対象および方法:研究期間中(2020年1月~2022年12月)に当科で脊椎手術を受けた退行性腰椎疾患(腰椎椎間板ヘルニアおよび腰部脊柱管狭窄症)の連続症例196例を対象に,後ろ向きコホート研究を行った.IVDD重症度評価はMRIを用いてPfirrmann分類(grade 1~5)に基づいて行い,すべての腰椎椎間板(L1/L2~L5/S)のPfirrmann分類を合計し,累積Pfirrmann分類(grade 5~25)を算出した.血清ペリオスチン値は酵素結合免疫吸着測定法(ELISA)キット(シノテスト社)を用いて測定した.まず累積Pfirrmann分類と血清ペリオスチン値の間で,Spearman順位相関係数(Spearman’s ρ)を算出した.次に累積Pfirrmann分類(中央値17を基準にカテゴリー化)と血清ペリオスチン値(中央値31ng/mlを基準にカテゴリー化)の関係を調べるために,多変量ロジスティック回帰を行ってオッズ比(OR)と95%信頼区間(95%CI)を計算した.潜在的交絡因子として,年齢,性別,body mass index(BMI),併存疾患(Charlson併存疾患指数),貧血,脊椎疾患(腰椎椎間板ヘルニアおよび腰部脊柱管狭窄症)を調査した.
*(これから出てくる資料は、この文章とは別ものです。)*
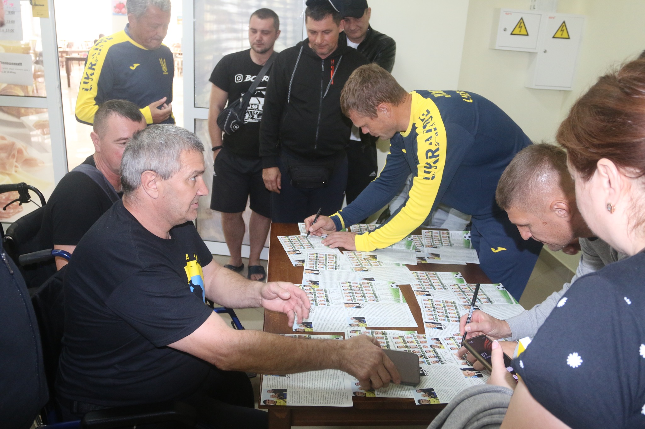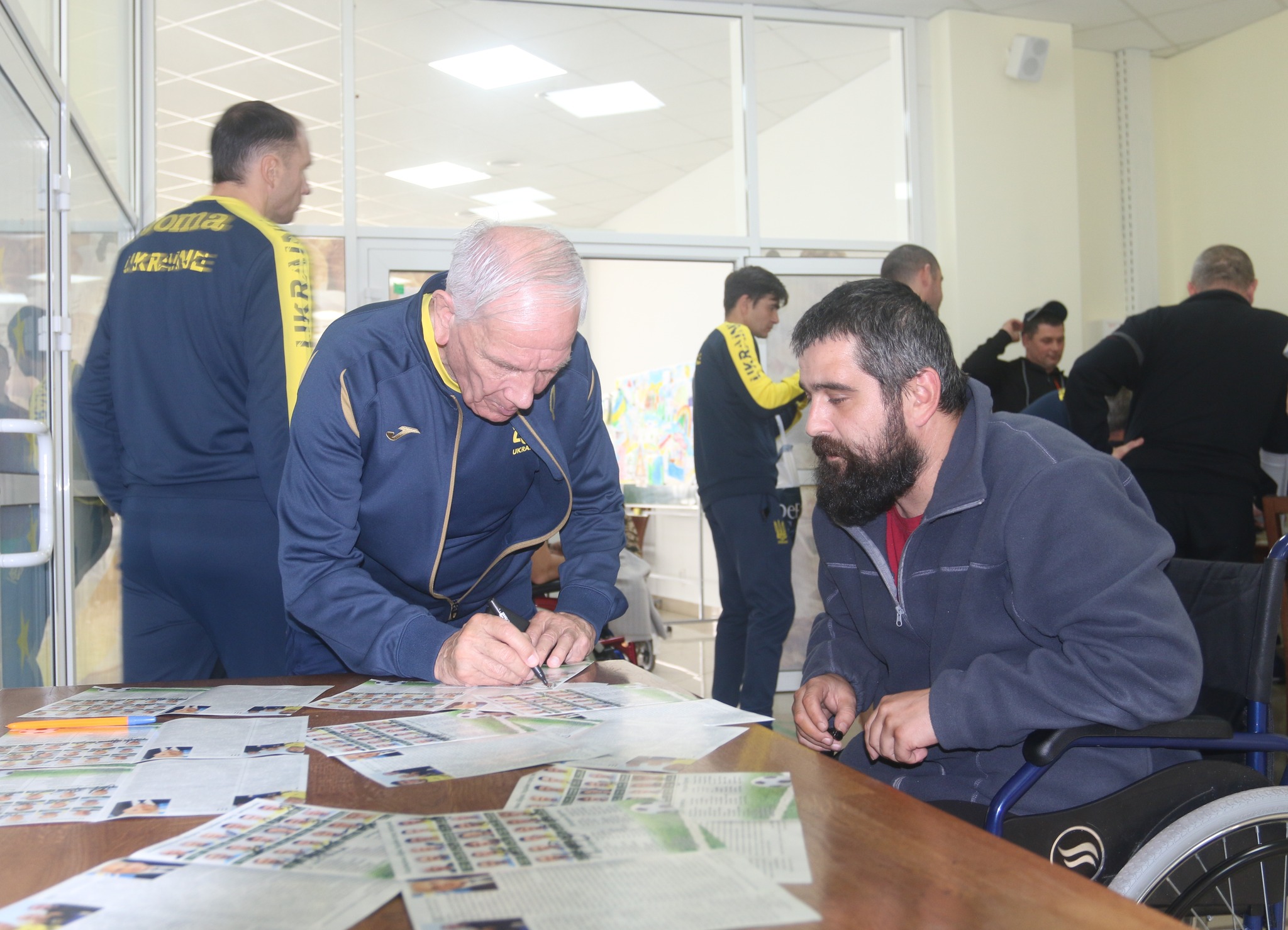 Наразі на реабілітації в Галичині понад 150 чоловік та жінок, у кожного з яких своя доля та життєвий шлях. Більше години тривала тепла зустріч ветеранів футболу, невимушене спілкування про сьогодення та майбутнє України, не обійшлося і без футбольних запитань.
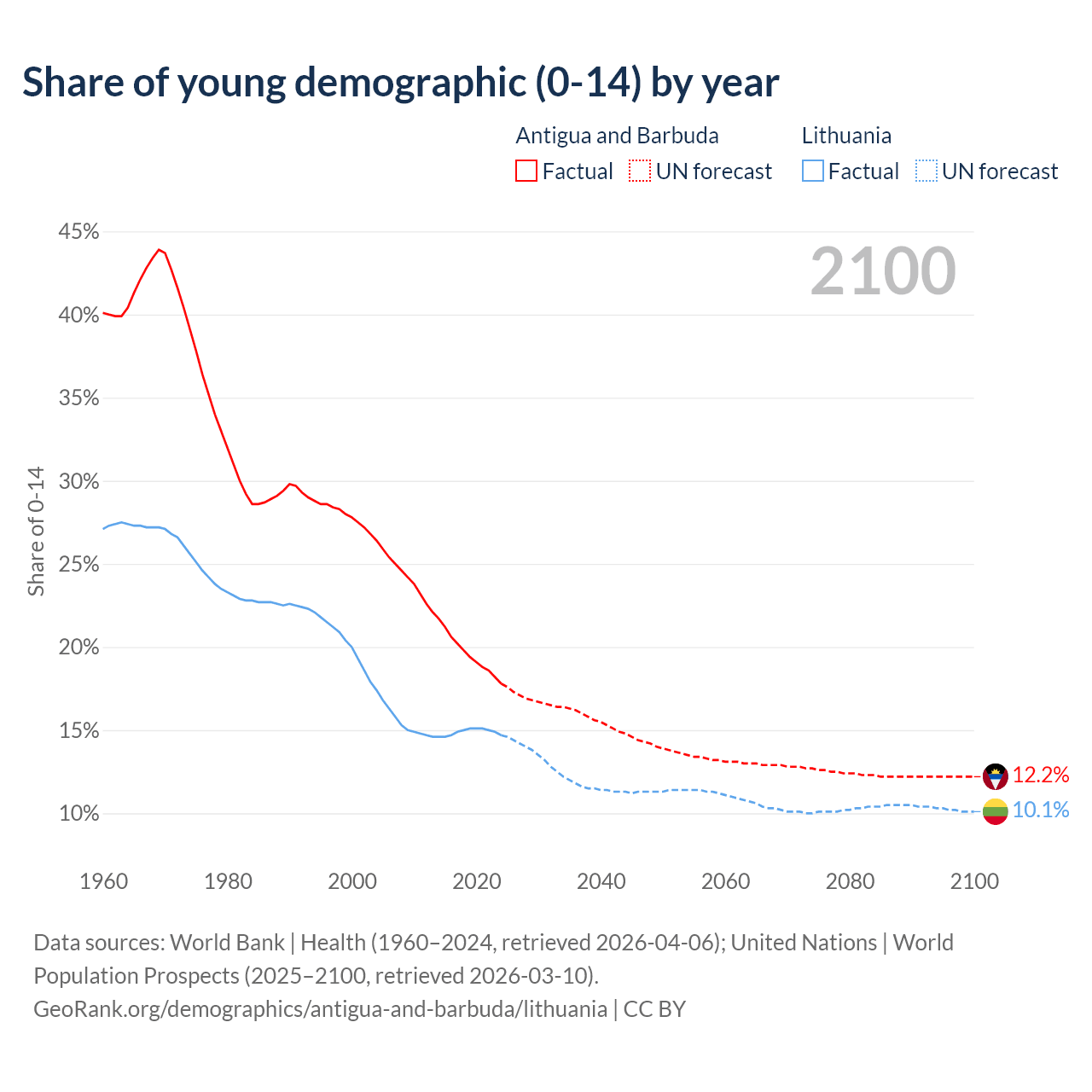 - The share of young demographic (0-15 years old) in Antigua and Barbuda is 17.8% vs 14.7% in Lithuania.
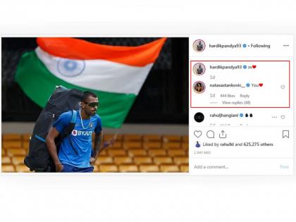 पण, हार्दिकनं रविवारी शेअर केलेल्या फोटोत मी प्रेमात पडलोय, अशी पोस्ट लिहिली. त्यावर नताशानं त्वरित तुझ्याच प्रेमात असे उत्तर दिले.
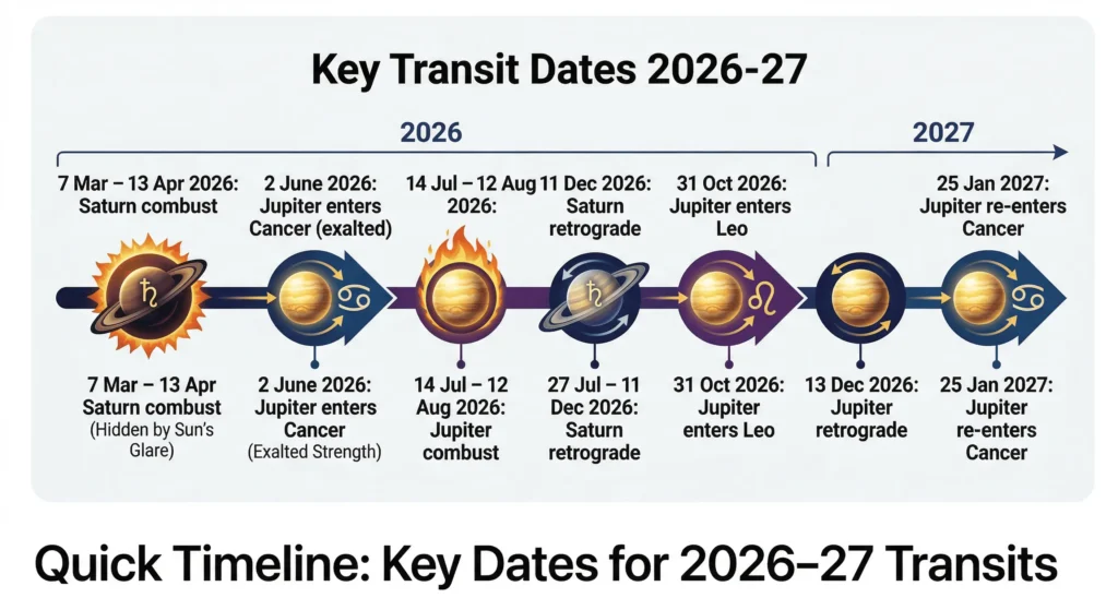 | Jupiter enters Cancer (exalted) | 2 June 2026, 2:25 AM IST | Most powerful Jupiter position |
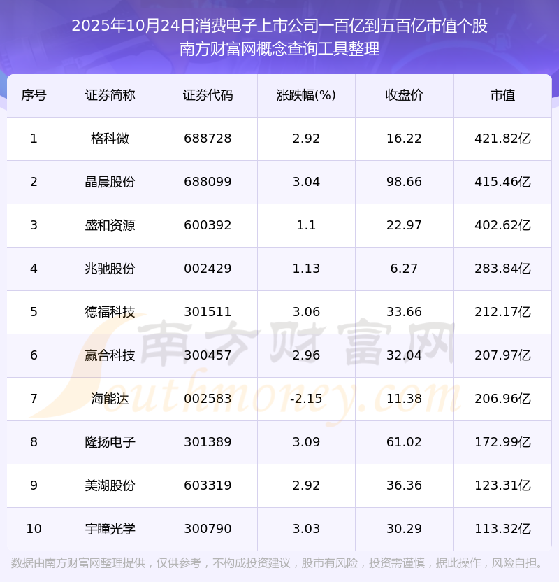 截止2025年10月24日,消費(fèi)電子上市公司市值一百億到五百億的個(gè)股共有10只。其中,市值較高的有格科微、晶晨股份、盛和資源,市值分別為421.82億元、415.46億元、402.62億元。
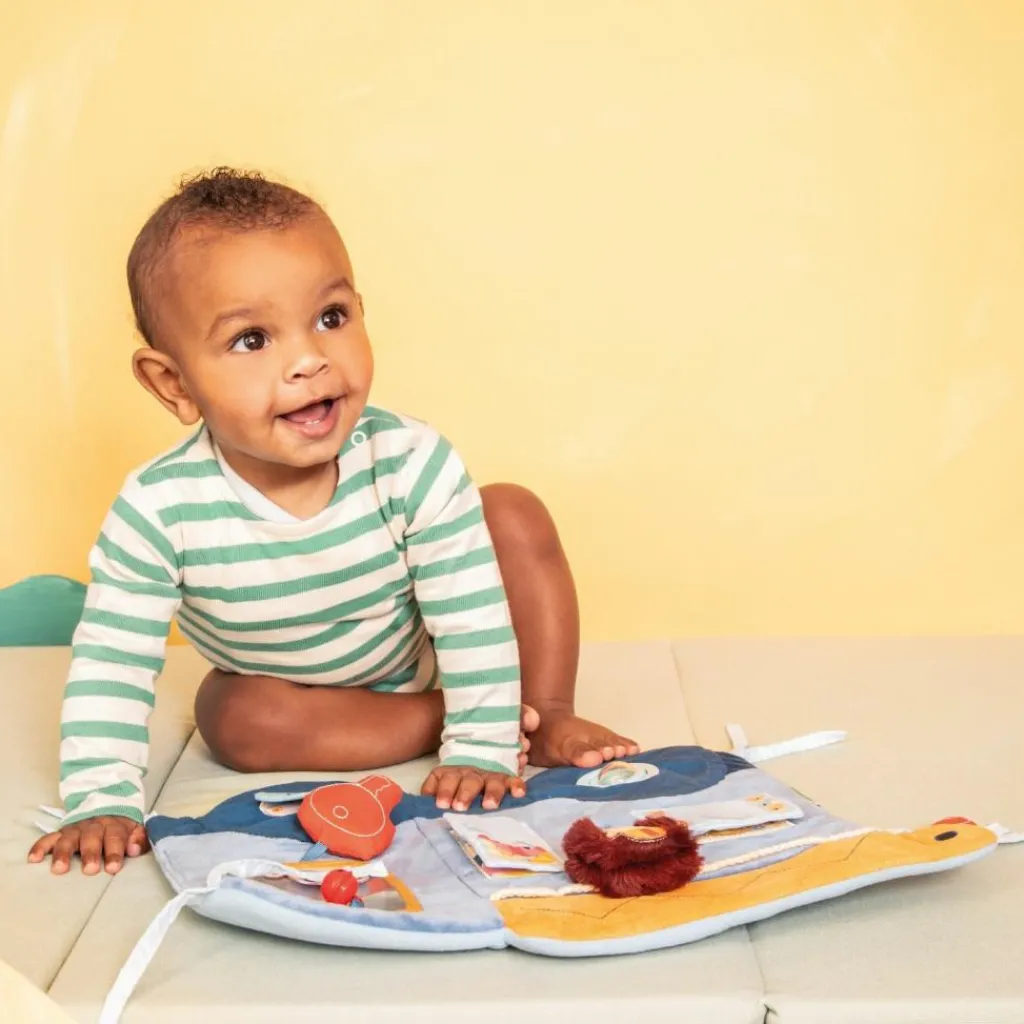 – Avec ses divers surprises visuelles, tactiles ou sonores, ses matières variées et colorées, ce jouet est un vrai atout pour l’éveil de bébé.
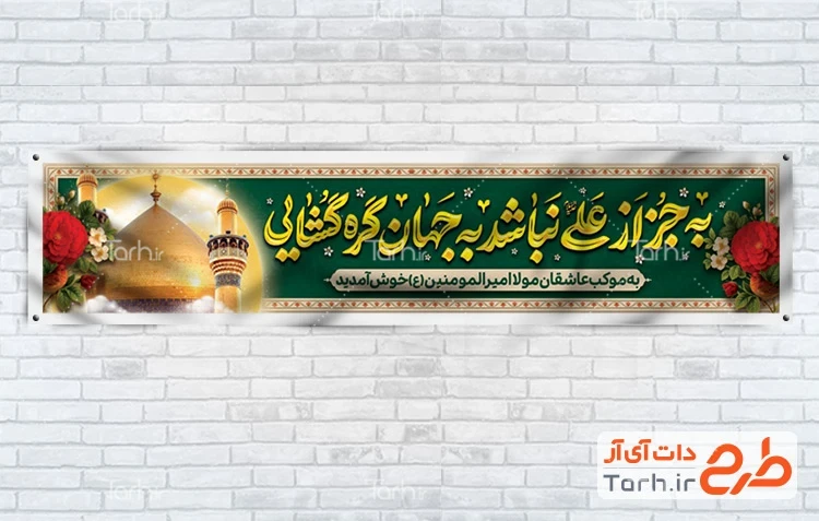 طرح بنر موکب ولادت امام علی با تایپوگرافی به جز از علی نباشد به جهان گره گشایی کد فایل 3942857
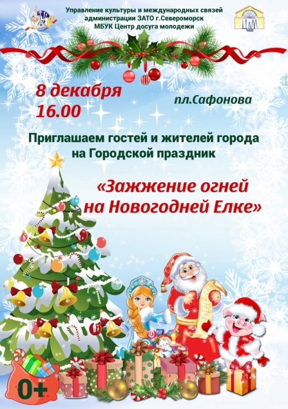 8 декабря в 16.00 в центре ул. Сафонова состоится городской праздник зажжения огней на главной ёлке Североморска.

結 果:椎間板変性の重症度(累積Pfirrmann分類)と血清ペリオスチン値との間に有意な相関関係があった(Spearman’s ρ=0.690,p<0.001).すべての潜在的交絡因子を調整した多変量回帰モデルにおいて,血清ペリオスチン値(>31ng/ml)は累積Pfirrmann分類(>17)と有意に関連していた(OR=19.4,95%CI:8.2~46.0).
結 論:血清ペリオスチン値は,IVDDの診断や進行度・活動性の評価,予後予測や治療選択の判断に有用なバイオマーカーとなる可能性がある.